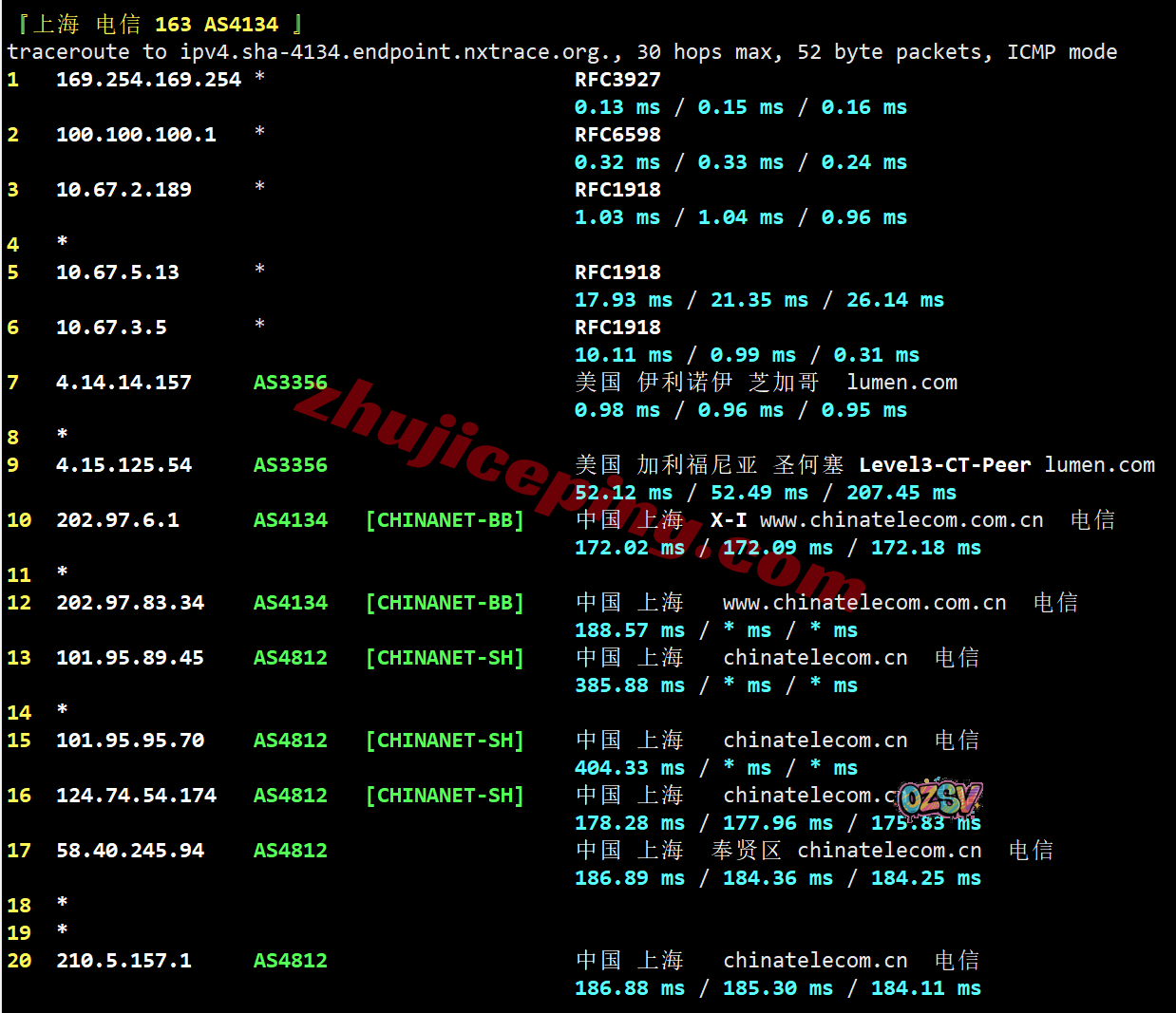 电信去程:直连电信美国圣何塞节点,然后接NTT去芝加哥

--

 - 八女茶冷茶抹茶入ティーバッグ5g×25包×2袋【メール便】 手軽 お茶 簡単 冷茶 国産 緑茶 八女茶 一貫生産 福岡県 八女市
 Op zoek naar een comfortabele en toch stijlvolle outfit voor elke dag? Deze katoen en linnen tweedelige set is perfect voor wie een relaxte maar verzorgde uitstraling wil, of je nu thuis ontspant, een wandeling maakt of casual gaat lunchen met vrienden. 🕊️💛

...

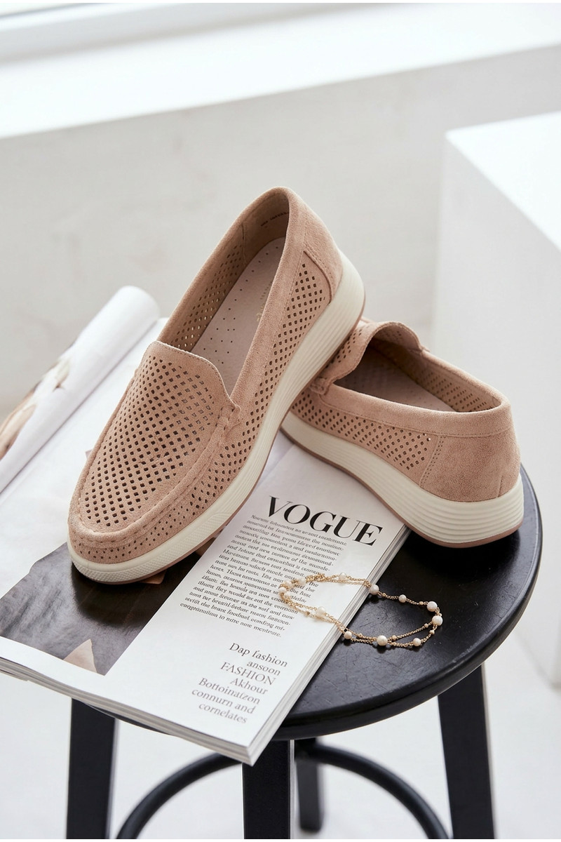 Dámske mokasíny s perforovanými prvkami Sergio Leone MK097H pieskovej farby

▸ PROMPT
Only the lines above from the one with "- 八女茶冷茶抹茶入ティーバッグ5g×25包×2袋【メール便】 手軽" up to and including the one with "Op zoek naar" should be repeated, exactly as written.

▸ SOLUTION
 - 八女茶冷茶抹茶入ティーバッグ5g×25包×2袋【メール便】 手軽 お茶 簡単 冷茶 国産 緑茶 八女茶 一貫生産 福岡県 八女市
 Op zoek naar een comfortabele en toch stijlvolle outfit voor elke dag? Deze katoen en linnen tweedelige set is perfect voor wie een relaxte maar verzorgde uitstraling wil, of je nu thuis ontspant, een wandeling maakt of casual gaat lunchen met vrienden. 🕊️💛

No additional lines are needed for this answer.